Shape totalMo:  (18705, 4)
Validate that unique article ids = 435:  435


### Store Aug thru Oct 2018 as separate variables

It is useful to set these as variables and have them handy later for comparisons. 

In [58]:
july2018 = totalMo.loc['2018-07']
aug2018 = totalMo.loc['2018-08']
sept2018 = totalMo.loc['2018-09']
oct2018 = totalMo.loc['2018-10']

print('Shapes should be 435 x 4: ', july2018.shape, aug2018.shape, sept2018.shape, oct2018.shape)

Shapes should be 435 x 4:  (435, 4) (435, 4) (435, 4) (435, 4)


## Benchmark 1: Predict Using Avg Last Two Months

In [45]:
# Get the average sales from Aug-Sept 2018
temp = pd.merge(aug2018, sept2018, on='ARTICLE_ID').drop(['month_y','year_y'], axis=1)
temp['AugSept2018Avg'] = (temp['UNITS_x'] + temp['UNITS_y'])/2
avg_last_two_months = temp.drop(['UNITS_x','month_x','year_x','UNITS_y'], axis=1)
avg_last_two_months

Unnamed: 0,ARTICLE_ID,AugSept2018Avg
0,106242,558.0
1,106259,683.5
2,106310,779.0
3,106497,1739.0
4,106650,709.5
...,...,...
430,98031,365.5
431,98048,827.5
432,98065,2638.5
433,98099,2876.0


In [76]:
# merge predictions and actuals
temp = pd.merge(avg_last_two_months, oct2018, on='ARTICLE_ID').rename(columns={'AugSept2018Avg':'Prediction','UNITS':'Actual'}).drop(['month','year'], axis=1)
temp['AbsDiff'] = abs(temp['Actual']-temp['Prediction'])

# get WMAPE
result_last_two_months = b.get_wmape(temp, actuals='Actual', predictions='Prediction')
print("WMAPE using last two months: ", result_last_two_months)

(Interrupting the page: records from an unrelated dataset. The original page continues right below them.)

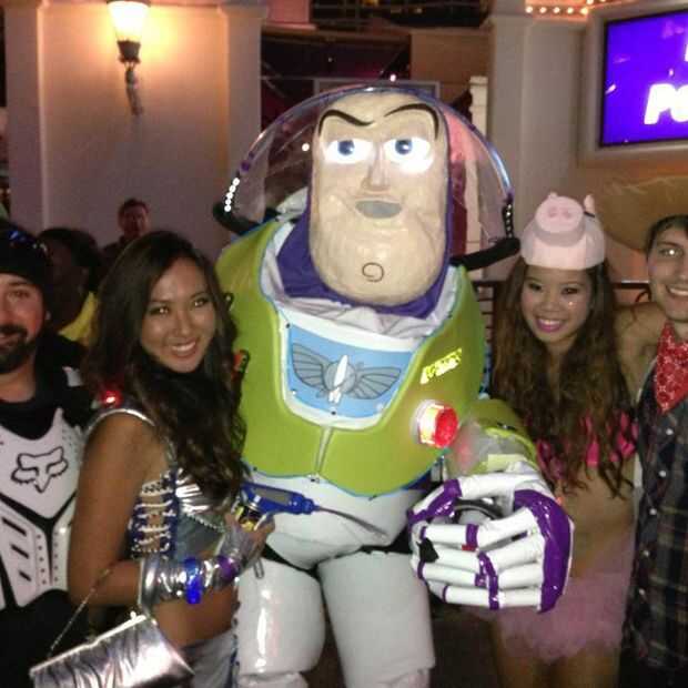 este traje tomó muchas horas para hacer pero con determinación es bastante factible. Materiales se necesitan incluyen: papel maché, espuma de EVA (home depot), tela de piel artificial blanco y vinilo verde (ambos en tela JoAnns), zapatos de plataforma, un porector de pecho como el motocross o el lacrosse y un montón de conducto de cinta (morado, blanco y naranja)
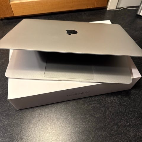 Apple MacBook Air kannettava tietokone hopeanvärinen. Laite on varustettu näppäimistöllä ja kosketuslevyllä. Mukana tulee virtalähde ja latausjohto. Kannettavassa on yhdessä kulmassa pieni dingi, joka ei vaikuta toimintaan mitenkään.
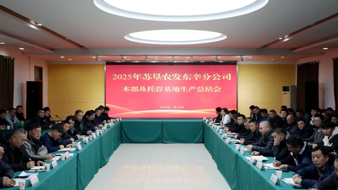 为系统总结2025年农业生产工作经验成效,深入剖析当前生产短板与问题症结,明确2026年重点工作方向,持续推动农业生产提质增效,1月30日,苏垦农发东辛分公司在招待所南会议室召开2025年本部及托管基地生产总结会。东辛党委书记、董事长、苏垦农发东辛分公司总经理赵志,党委委员、苏垦农发东辛分公司常务副总经理陈跃武,党委委员、苏垦农发东辛分公司副总经理武心波出席会议。
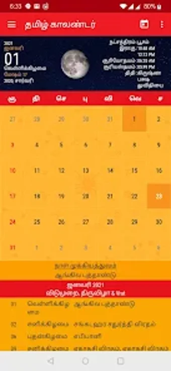 Appens funktioner inkluderar detaljerade Muhurat-timing för viktiga ceremonier, dagliga Panchang-prediktioner med information om Nakshatra och Tithi, samt Rahukaal-varningar för att hjälpa användare att planera sina aktiviteter. Med dagliga uppdateringar av soluppgång och solnedgång, ger Tamil Calendar 2023 ett praktiskt verktyg för att organisera och maximera användarnas tid och upplevelser.
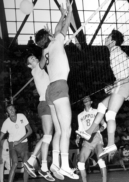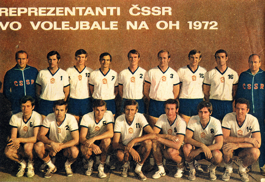 Muži ČSSR absolvovali v roce 1971 sérií utkání s družstvem Japonska, v srpnu na domácí půdě, v říjnu v Japonsku. Na snímku z haly Sparty na Letné zleva: kapitán Groessl, Zajíček, Nekola, Fiala, Němec, Pavlík, Stančo, Pipa, Tomáš (č. 8), Vápenka, Schenk, Koudelka, Penc a Petlák. Pod vedením trenéra Lázničky přivezla tato sestava (s výjimkou Fialy a Pence) stříbrné medaile z ME 1971 v Itálii.
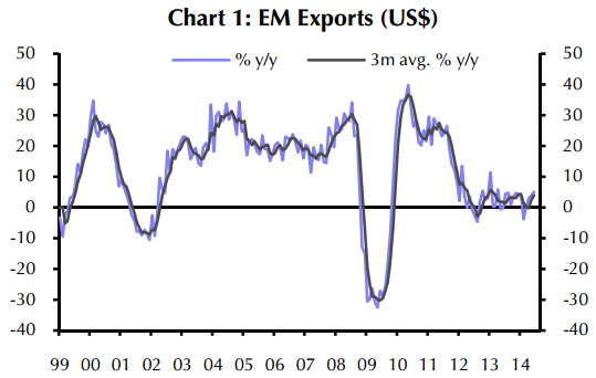 EM economies are rebounding from an export malaise that has marred their fortunes since early 2012 and rendered several of them vulnerable to the tapering of US monetary stimulus.
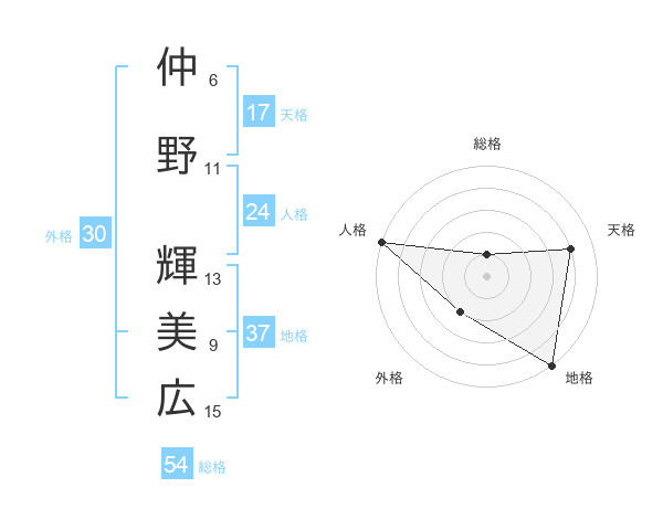 仲野 輝美広さんを姓名の画数から五運を鑑定
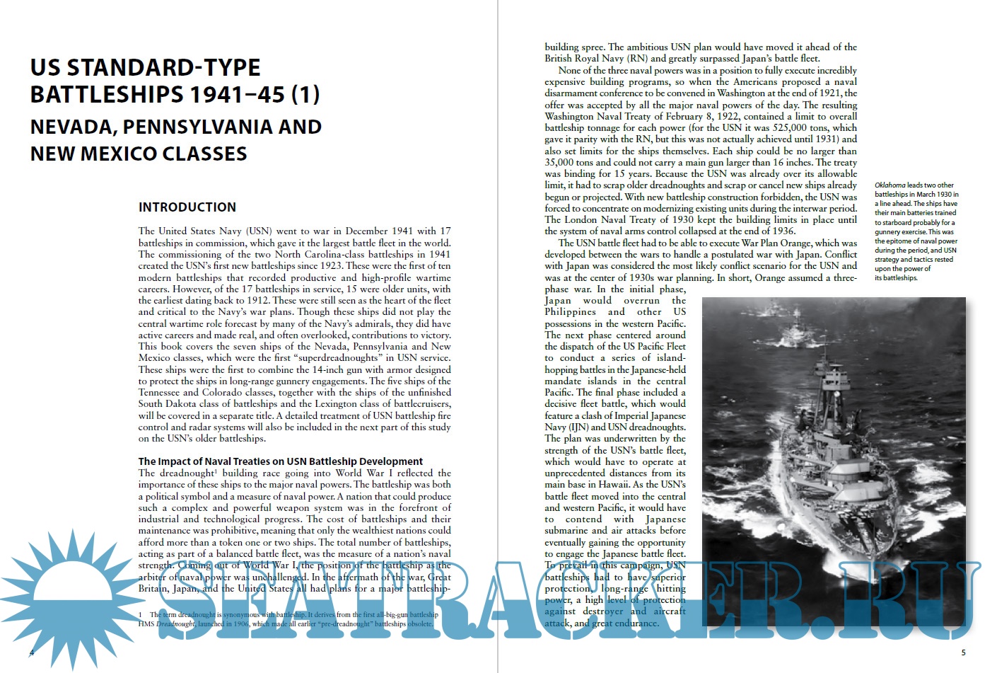 Year: 2015 Language: English Author: Mark Stille Genre: History Edition: New Vanguard, 220 Format: PDF Quality: eBook Pages count: 49 Description: Written by US Navy expert Mark Stille, this book offers a unique insight into the Standard-type classes of US battleships in World War II. It provides a detailed investigation into the histories of each of the individual vessels of the Standard-type battleship class, the first three of which, the Nevada, Pennsylvania and New Mexico, formed the US Navy's main force in the inter-war period. The Standard-types reflected a new design philosophy: by designing each class to meet common standards of maneuverability and handling, vessels of different classes could operate as a single tactical unit without being limited by the performance of the slowest and least maneuvrable ship. At the time of their construction, these ships incorporated the latest design features such as triple gun turrets. Although they were rendered increasingly obsolete by evolving naval doctrines and the ascendance of the fast battleship, they served with distinction throughout World War II in both the Pacific and the Atlantic. This study combines analysis of design features and an absorbing narrative of operational histories to offer a comprehensive picture of the Standard- type battleships, from the brutal destruction of the USS Arizona to the triumphant occupation of Japan.

WMAPE using last two months:  0.1187478107079956


## Benchmark 2: Predict Using Avg Last Three Months

In [73]:
# Get the average sales from Aug-Sept 2018
temp = pd.merge(july2018, aug2018, on='ARTICLE_ID').drop(['month_y','year_y'], axis=1).merge(sept2018, on='ARTICLE_ID').drop(['month_x','year_x'], axis=1)
temp['JulyAugSept2018Avg'] = round(((temp['UNITS_x'] + temp['UNITS_y'] + temp['UNITS'])/3), 0)
avg_last_three_months = temp.drop(['UNITS_x','UNITS_y','UNITS','month','year'], axis=1)

# Check top 5 rows
avg_last_three_months.head()

Unnamed: 0,ARTICLE_ID,UNITS_x,UNITS_y,UNITS,month,year,JulyAugSept2018Avg
0,106242,431.0,552.0,564.0,9,2018,516.0
1,106259,709.0,722.0,645.0,9,2018,692.0
2,106310,1059.0,1024.0,534.0,9,2018,872.0
3,106497,1457.0,1713.0,1765.0,9,2018,1645.0
4,106650,555.0,676.0,743.0,9,2018,658.0
...,...,...,...,...,...,...,...
430,98031,408.0,410.0,321.0,9,2018,380.0
431,98048,979.0,922.0,733.0,9,2018,878.0
432,98065,2457.0,2799.0,2478.0,9,2018,2578.0
433,98099,2986.0,2823.0,2929.0,9,2018,2913.0


In [78]:
# Merge predictions and actuals
temp = pd.merge(avg_last_three_months, oct2018, on='ARTICLE_ID').rename(columns={'JulyAugSept2018Avg':'Prediction','UNITS':'Actual'}).drop(['month','year'], axis=1)
temp['AbsDiff'] = abs(temp['Actual']-temp['Prediction'])

# get WMAPE
result_last_three_months = b.get_wmape(temp, actuals='Actual', predictions='Prediction')
print("WMAPE using last three months: ", result_last_three_months)

WMAPE using last three months:  0.13184375742522114


Since the WMAPE score using the average of the last two months of sales against October 2018 is lower than using the average last three months of sales, we will use the former as our model benchmark.